## Work to be completed
Please leave out pictures and print exactly the lines from the one that has "Pikachu children bath" through the last line of the material below.

## Raw data
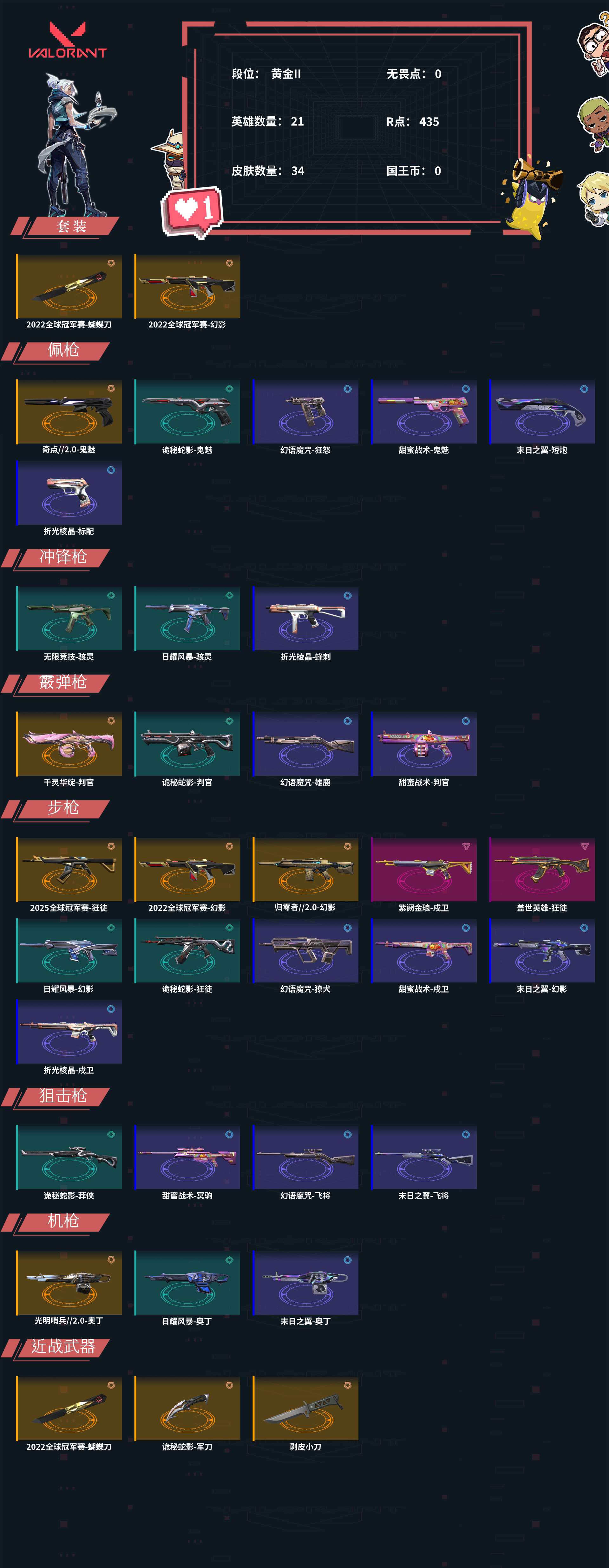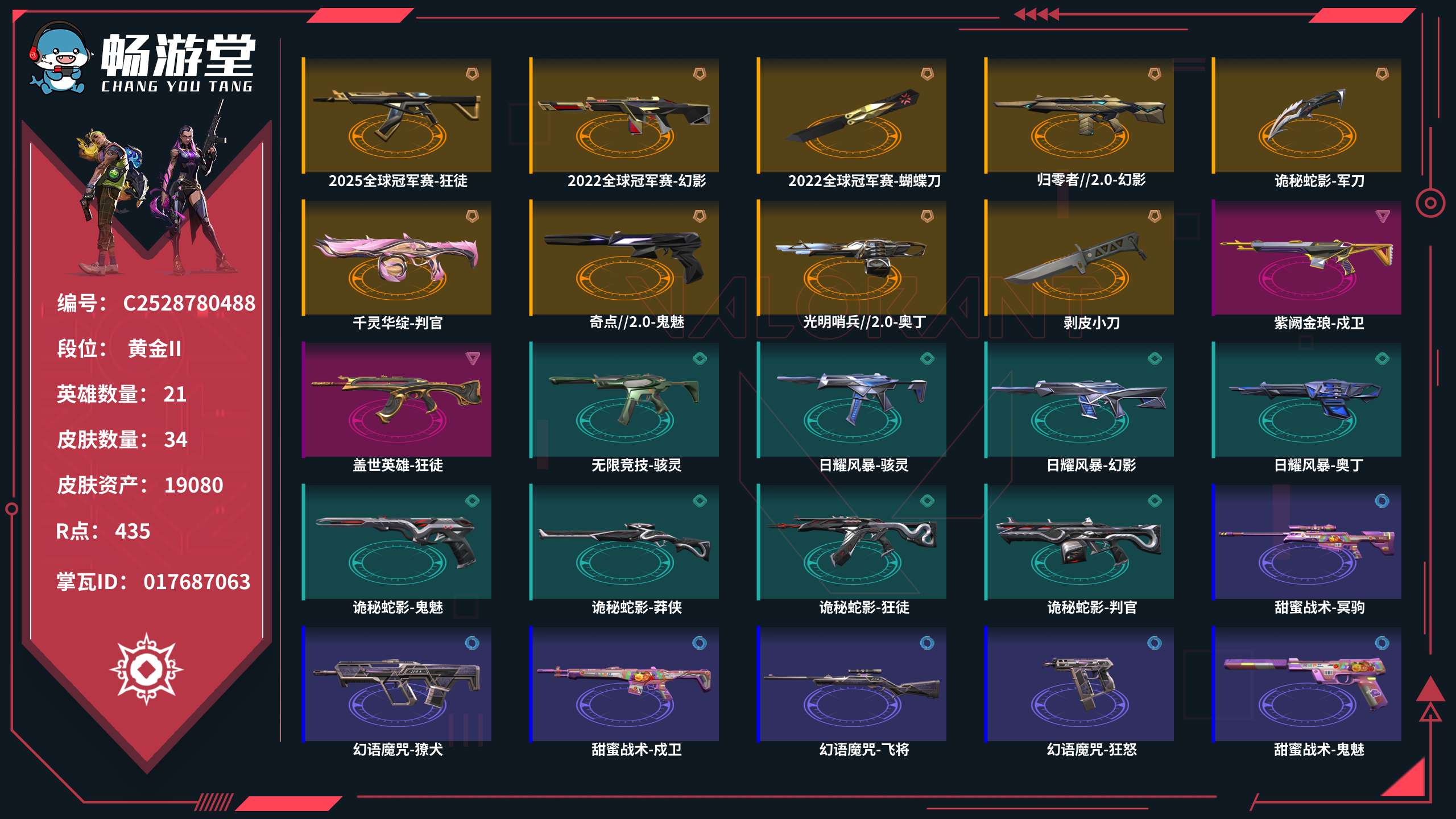 【C2528780488】皮肤资产:19080 皮肤数量:34 英雄数量:21 R点:435 段位: 黄金II 套装 【2022全球冠军赛 礼包(2022全球冠军赛-蝴蝶刀,2022全球冠军赛-幻影)】 狂徒【2025全球冠军赛-狂徒,诡秘蛇影-狂徒,盖世英雄-狂徒】幻影【日耀风暴-幻影,归零者//2.0-幻影,末日之翼-幻影】近战武器【诡秘蛇影-军刀,剥皮小刀】鬼魅【甜蜜战术-鬼魅,诡秘蛇影-鬼魅,奇点//2.0-鬼魅】骇灵【无限竞技-骇灵,日耀风暴-骇灵】判官【甜蜜战术-判官,诡秘蛇影-判官,千灵华绽-判官】戍卫【甜蜜战术-戍卫,紫阙金琅-戍卫,折光棱晶-戍卫】飞将【幻语魔咒-飞将,末日之翼-飞将】奥丁【日耀风暴-奥丁,末日之翼-奥丁,光明哨兵//2.0-奥丁】
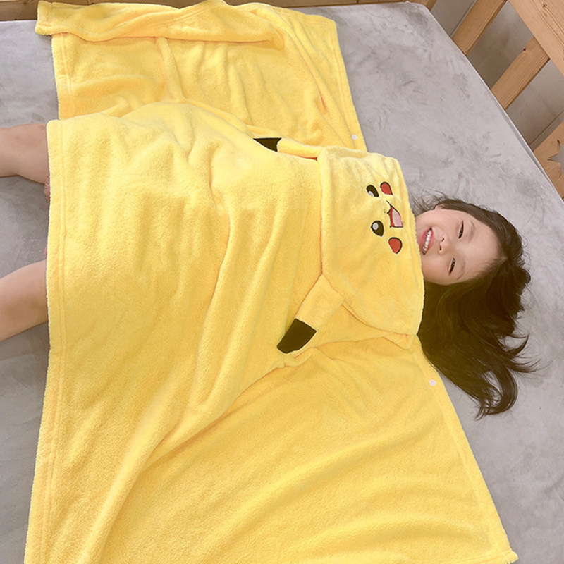 Pikachu children bath towels with hat baby can wear style bathrobe newborn baby wool towels are enlarged to thicken hair
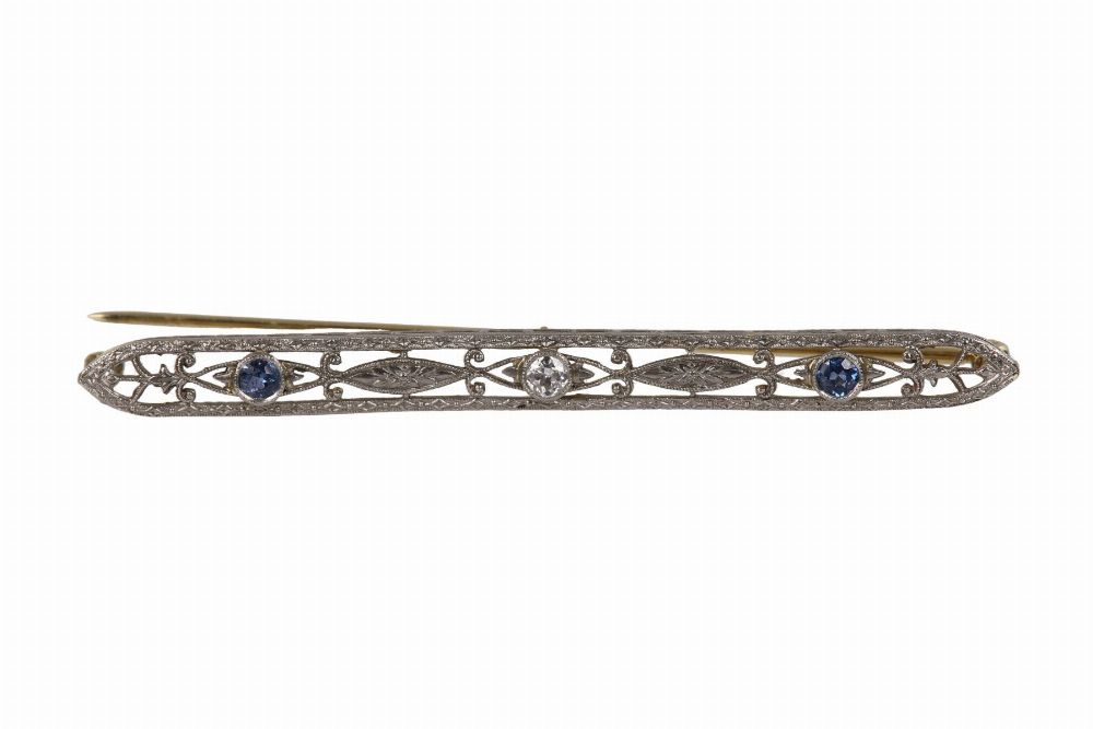 A finely detailed Art Deco white metal brooch with pierced geometric design, set with sapphires and old-cut diamonds.

## Solution to this exercise
 Pikachu children bath towels with hat baby can wear style bathrobe newborn baby wool towels are enlarged to thicken hair
 A finely detailed Art Deco white metal brooch with pierced geometric design, set with sapphires and old-cut diamonds.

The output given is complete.